The speed of change at the company has probably surprised most investors. However, it shows the difference which can be made by having the right management team in place. In my view, a company’s reputation, balance sheet strength and economic moat count for little unless the right team is in place to manage it.

Scope for change

Prior to the arrival of Dave Lewis as CEO, Tesco had become a jack-of-all-trades and, arguably, a master of none. It had diversified into a number of frivolous sectors which ultimately sapped management time and investment capital away from the majority of its business. For example, it sought to become a major player in the USA grocery industry via its Fresh & Easy brand. While it was at times able to post strong LFL sales growth, high profitability proved elusive despite significant investment.

At the same time as expanding into the USA, Tesco also sought to diversify its operations away from groceries. While this is understandable in some respects, since the company had become the dominant grocery store in the UK, the choice of industries was sometimes difficult to follow. For example, Tesco decided to sell its own tablet, purchased garden centres, coffee shops and even ventured into used car sales for a short while. None of these ventures proved as successful as had been envisaged and they created, rather than reduced, risk in my opinion.

All of these changes were being put in place at a time when Tesco faced its biggest challenges in a number of years. UK consumer spending was under severe pressure and no-frills alternatives such as Lidl and Aldi were grabbing market share. At a time when it should have been seeking a ‘lean and mean’ efficiency drive, Tesco had lost focus and discipline.

Major changes

The enormity of the task facing Tesco’s new management team was difficult to overestimate. However, a number of simple, logical decisions helped to gradually turn the company around and even more importantly, set out a clear vision for how the company would change in the long run.

…a number of simple, logical decisions helped to gradually turn the company around…

First, Tesco returned to being a grocer. Non-core activities were shunned in order to create a simpler, more efficient and more manageable entity. Second, Tesco focused on its UK operations. While controversial at the time given its success in territories such as Korea, this decision allowed the company’s management to drive all capital into improving the bulk of the business. Third, Tesco sought to compete with lower-cost rivals through reducing the ranges on offer, cutting costs and also investing in store refurbishments and customer service.

The latter of these changes helped to create a degree of customer loyalty and product differentiation versus Aldi and Lidl. This resonated well with customers at a time when the UK economy was emerging from the financial crisis. Although still highly price conscious, real-terms wage growth helped to dilute the focus on price and make other factors such as convenience, customer service and quality more important to the company’s target market of customers.

Future strategy

While Tesco has become a better business under its current management team, it faces an uncertain future. Inflation and wage growth in the UK are now at the same level of 2.3%. However, it seems highly probable that inflation will surpass wage growth in the coming months, since a weak pound is gradually filtering through into higher prices. This is likely to cause a squeeze on consumer spending and lead to a more price conscious consumer.

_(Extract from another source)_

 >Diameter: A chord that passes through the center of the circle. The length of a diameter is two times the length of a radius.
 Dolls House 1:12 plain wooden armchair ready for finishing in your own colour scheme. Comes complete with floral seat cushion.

In response, Tesco is continuing to improve its financial strength and core profitability. It reduced net debt by 27% in the most recent financial year and is on course to deliver £1.5 billion in cost savings over the medium term. This could allow it to reach an operating margin of 4% by 2020, which would represent an almost doubling of its current operating margin of 2.3%. Given the potential for lacklustre sales growth due to weakness in consumer spending, efficiency and sustainability measures could help the company to outperform its rivals.

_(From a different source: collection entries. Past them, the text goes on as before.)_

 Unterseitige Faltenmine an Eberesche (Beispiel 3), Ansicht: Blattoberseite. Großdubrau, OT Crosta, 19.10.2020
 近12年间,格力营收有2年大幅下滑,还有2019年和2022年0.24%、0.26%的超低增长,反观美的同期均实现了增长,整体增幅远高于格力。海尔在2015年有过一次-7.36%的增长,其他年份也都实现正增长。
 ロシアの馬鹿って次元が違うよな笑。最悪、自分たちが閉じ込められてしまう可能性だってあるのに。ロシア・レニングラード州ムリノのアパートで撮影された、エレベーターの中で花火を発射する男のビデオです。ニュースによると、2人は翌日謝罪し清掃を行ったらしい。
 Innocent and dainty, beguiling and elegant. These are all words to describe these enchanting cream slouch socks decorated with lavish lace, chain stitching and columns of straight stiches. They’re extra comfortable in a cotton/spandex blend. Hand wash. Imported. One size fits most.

Alongside this, investment in its core products such as the £300 million announced in its full-year results may also prove to be a sound strategy to pursue, given the likelihood of greater competition within the UK grocery industry.


In my opinion, Tesco is one of the most successful recent turnaround stories in the FTSE 350. Although its recovery is not yet complete, its transition from failure to success has been swift and at least partly unexpected. It is now positioned to deliver double-digit EPS growth in each of the next two years and has become a more efficient and sustainable growth opportunity for investors.

Key to this has been its current management team. They have refocused the business on the UK, left behind dreams of a conglomerate-like business model and sought to deliver an improved product offering to compete for customers. While economic difficulties could lie ahead, the continued focus on efficiency and the possible synergies from the Booker acquisition could drive Tesco’s profitability and share price higher.